Report Card 10 is also significant for its new direction in measuring child well-being through two dimensions – child poverty and deprivation. Poverty refers to the income status of a household, while deprivation refers to possessions, services and opportunities which are considered normal for a child growing up in a wealthy country today.

The deprivation tables in Report Card 10 do not include New Zealand, but work done by New Zealand’s Ministry of Social Development in 2008 show that children in New Zealand have high rates of deprivation - 18% against 15% in the UK and 14% in Ireland.

McKinlay noted that New Zealand’s inclusion in this report is vital, yet also called for more up to date data. He said, “It’s imperative that we have more immediate data to measure deprivation in New Zealand. We need to know how we compare in the international setting so that we can find ways to do better for children who are missing out on some of their basic rights.
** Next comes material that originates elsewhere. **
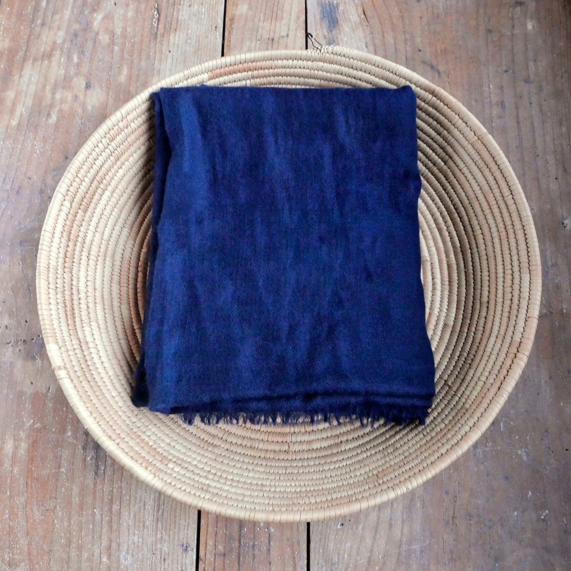 とても繊維が細く弾力性があり、極上の柔らかさを誇る高級素材である手織りのカシミヤのストール。ヒマラヤ山脈に生息する山羊の毛を使用したもので、こちらは中でも一番良質なお腹や首の産毛部分を使用した極薄毛を藍染めしたもので、薄手軽量にも関わらず、しっかりとした保温性があるので冬にもご使用頂けます。よく見ると細かく菱形模様が手織りされているのが分かります。保温性や保湿性に優れているのも嬉しいです。お洗濯の際にはドライクリーニングに出してください。

“A crucial next step would be for New Zealand to align our deprivation index with the current European Union standard index to show how children here are faring in relation to their counterparts in Europe.”

The report also points out that the full impact of the recession on children is yet to be measured. It is unlikely that the situation for children in New Zealand today is any more promising, as Report Card 10 observes that children are disproportionately impacted by the global recession.

The report also identifies that the consequences of poor decision making regarding support and services for children during difficult economic times won’t be evident until much later. Some developed countries have policies to protect children from the worst aspects of the 2008 financial crisis. Finland, Iceland and the Netherlands are noted in this context.

McKinlay said, “There is no better investment, in good times or bad, that a nation can make than in its children. This is essential to ensure that each and every one of our children has the start in life that will help them achieve their potential and grow to become engaged, well-educated and productive citizens.

“This report sounds a warning that failure to protect our children from today’s economic crisis is one of the most costly mistakes that a society can make. This is not new thinking but successive New Zealand governments have failed to respond to the urgent message to address the needs of children adequately. The truth is that there is only one chance to get it right for each child.”

McKinlay warned of the dangers in storing up intractable social and economic problems for the years ahead if we fail to maintain our commitment to children to act in the early years of their lives. He said, “It is imperative that our level of investment matches our commitment to the rights of children. This policy benefits the whole of society through savings in remedial spending and is the key to an economically and socially stronger society,” he concluded.